資金提供者とは、融資をしてくれる金融機関、出資をしてくれる法人や人です。

資金提供者はリターンや社会的意義、提供者との親和性などさまざまな観点で見てくれますが、いずれにせよ資金を提供する側の見方がわかるようになります。

また、シェアして反応を見ることで、自社事業と相性の良さそうな資金提供者をスクリーニングすることができます。

知り合いや家族など事業の素人

素人に意見をもらうことも、ときには重要です。

特に新しいコンセプトは社内の専門家だけが理解できても意味がないので、一般人にも理解できるところまで噛み砕く必要があります。

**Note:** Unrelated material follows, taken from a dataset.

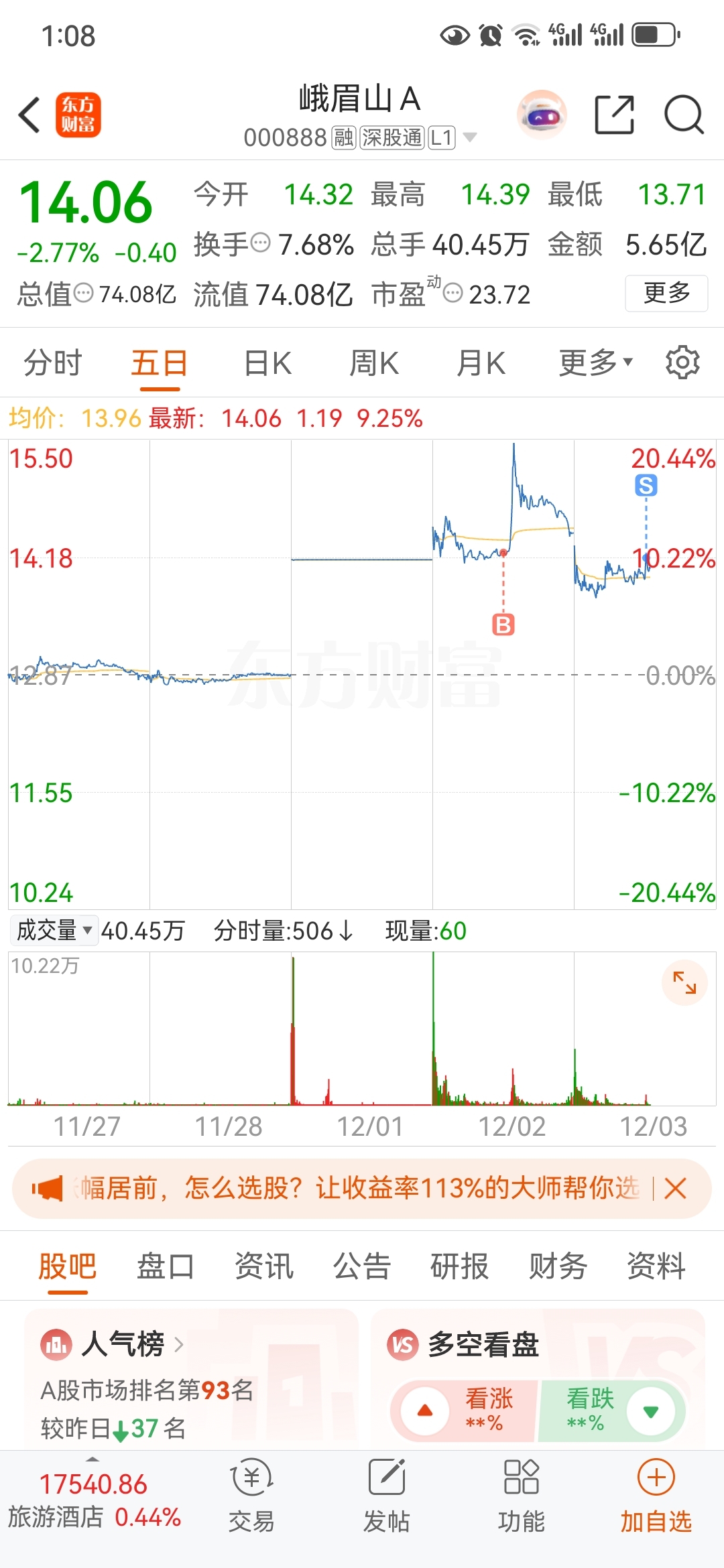 $峨眉山A(SZ000888)$ 耍猴一样,玩了个寂寞

そのときに、知り合いや家族に見てもらうというのは、有効な方法です。

なお、このように利害関係のない人に、事業計画を説明して意見をもらうことを「壁打ち」と呼びます。

事業計画は常に修正する

事業計画は一度できたら完成ではありません。

先ほど書いたように、関係者に見せて修正することはもちろん、計画が走り出してからも都度修正する必要があります。

事業計画に書かれえいることの大部分は仮説なので、実際にやってみてわかることはたくさんあります。

  • 顧客の課題を解決するのに、もっと適した手段が存在した
  • 実際の市場規模が思った以上に大きくなかった
  • 費用が思った以上にかかった
  • 実際に精査して見積もりが出てきたら予想以上の投資額だった

このようなことは日常茶飯事です。

こうしたことを素早く修正した上で、次のアクションに反映していく必要があります。

事業計画を信じてアクションをする

事業計画は都度修正する必要があるとはいうものの、事業計画を立案した人は常にその計画を信じて行動するという信念が必要です。

想定外のことが起きても弱気にならずに、向かうゴールに間違いはないという信念を持つことで、困難に遭遇しても事業立ち上げを投げ出さずに進められるようになります。

これは大企業の新規事業であれ、起業であれ、同じようにあてはまることでしょう。

もちろん、当初考えていた方向性が厳しいということであれば、勇気をもってピボット(方向転換)する必要もなります。

まとめ

以上が事業計画立て方・作り方でした。

  • 事業計画を立案するには、大きく9つのプロセスがある。1.ターゲット顧客と課題の特定、2.顧客に提供する価値の決定、3.製品・サービスの具体化、4.ビジネスモデルの策定、5.市場規模の算定、6.市場規模に対する獲得シェアの算定、7.売上の算定、8.原価・販管費(人員計画、開発費、旅費等)の算定、9.必要投資の算定、10.P/Lとキャッシュフロー計算書の算定。
  • 事業計画は事業計画書とプレゼン資料にまとめる。事業計画書には事業を網羅的に説明できる細かい数字を記載するが、プレゼン資料は事業を魅力的に見せるためにシンプルでわかりやすくまとめる必要がある。
  • 事業計画ができたら積極的に関係者に説明をして、事業計画をよりよくしていくとともに、事業を進めるための味方を増やしていく。
  • 事業計画は実行場面でわかったことをベースに修正を加えていく。
  • 最後は信念が大事、事業を立ち上げるという信念を持って計画を進める。